UN envoy visits Darfur to urge support for peace deal
May 20, 2006 (KHARTOUM) — A special U.N. envoy to Sudan wrapped up a visit to Darfur to urge people there to support the new peace agreement as refugees demanded more protection against bands of marauders and additional food relief, the U.N. said Saturday.
<>doc1012|rightSpecial Representative of the Secretary-General in Sudan Jan Pronk made his three-day visit as splinter rebel groups continue to withhold support for the Darfur Peace Agreement signed May 5 by the Sudanese government and the two main rebel factions.
Pronk was back in Khartoum Saturday after intensive discussions on the DPA with tribal and community leaders and refugees displaced by the conflict that has killed nearly 200,000 people and made homeless 2.5 million since 2003.
Some of the rebels who rejected the peace accord enjoy strong support in the refugee camps of Darfur, a vast, arid region in western Sudan.
The African Union has demanded that any rebel groups still holding out on the peace deal sign it by May 31. A splinter faction of the rebel Sudan Liberation Movement and the rebel Justice and Equality Movement have resisted pressure to join.
“To achieve peace and security for your people, regain your rights, get your fair share of power, receive compensation and attain reconstruction, you must accept and support the peace agreement,” Pronk told displaced Darfurians in a makeshift camp in Mournei, according to a statement the U.N. mission in Sudan e-mailed to The Associated Press.
People displaced by the conflict asked for protection by U.N. peacekeeping forces against Janjaweed attacks and for more food rations and other relief supplies.

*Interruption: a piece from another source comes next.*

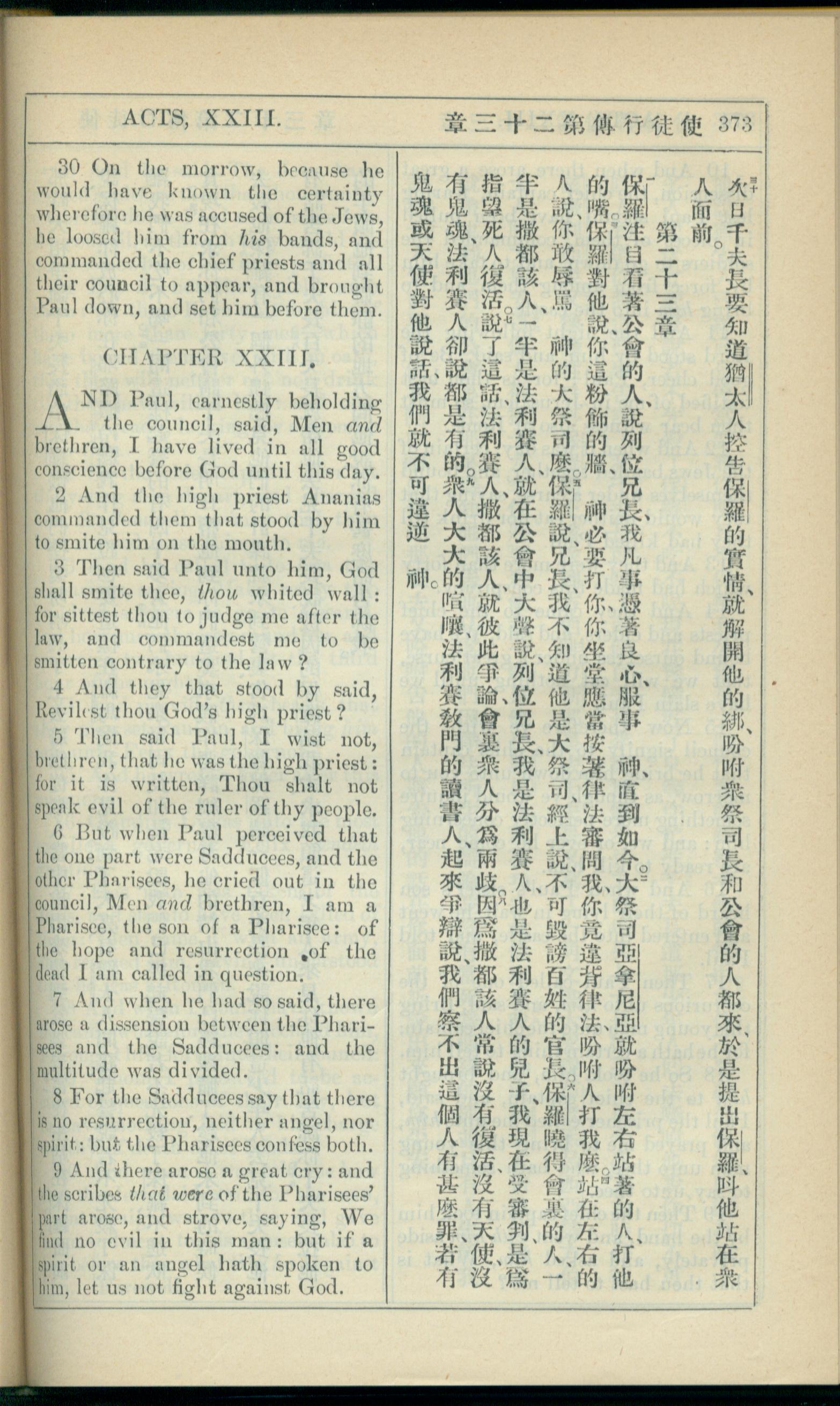 1908年新约全书(中西字) 使徒行传 22 章 30 节到 23 章 9 节

Pronk, in his meetings with the refugees, highlighted the Sudanese government’s responsibility, noting the DPA stipulates that within 37 days of signing it the government must come up with a plan to disarm the Arab militia known as Janjaweed.

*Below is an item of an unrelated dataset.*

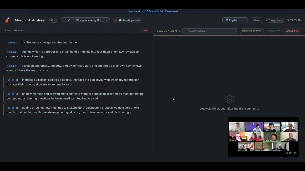 Descrição da ferramenta: Meeting AI Analyser é uma ferramenta de transcrição de reuniões local para Windows, que captura áudio em tempo real, transcreve com Whisper e gera resumos estruturados usando Claude AI, sem precisar de bots ou conexão com servidores externos.
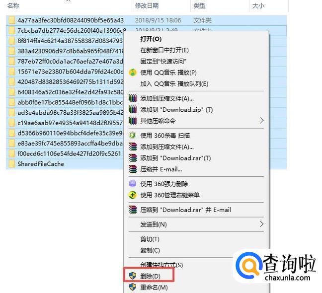 弹出的界面,里面就是win10更新安装包了,我们选中所有文件夹,然后右击选择删除就可以了。

Meanwhile, Pronk said that the international community was preparing to boost the resources of the African Union’s protection force deployed in Darfur. He emphasized, however, that the additional support would be a transitional measure ahead of the deployment of U.N. peacekeeping forces.
Last week, the U.N. Security Council passed a resolution to speed up planning for a U.N. peacekeeping force in Darfur. In the resolution, the council demanded that an assessment team go to Sudan within a week to prepare for the U.N. to take control an African Union-led peacekeeping mission now in Darfur.
Sudan’s government had blocked the team but recently signaled it would lift its opposition because of the peace deal. The resolution came a day after the African Union agreed to transfer authority for its 7,300-strong peacekeeping force in Darfur to the U.N. by the end of September or earlier if the U.N. is ready.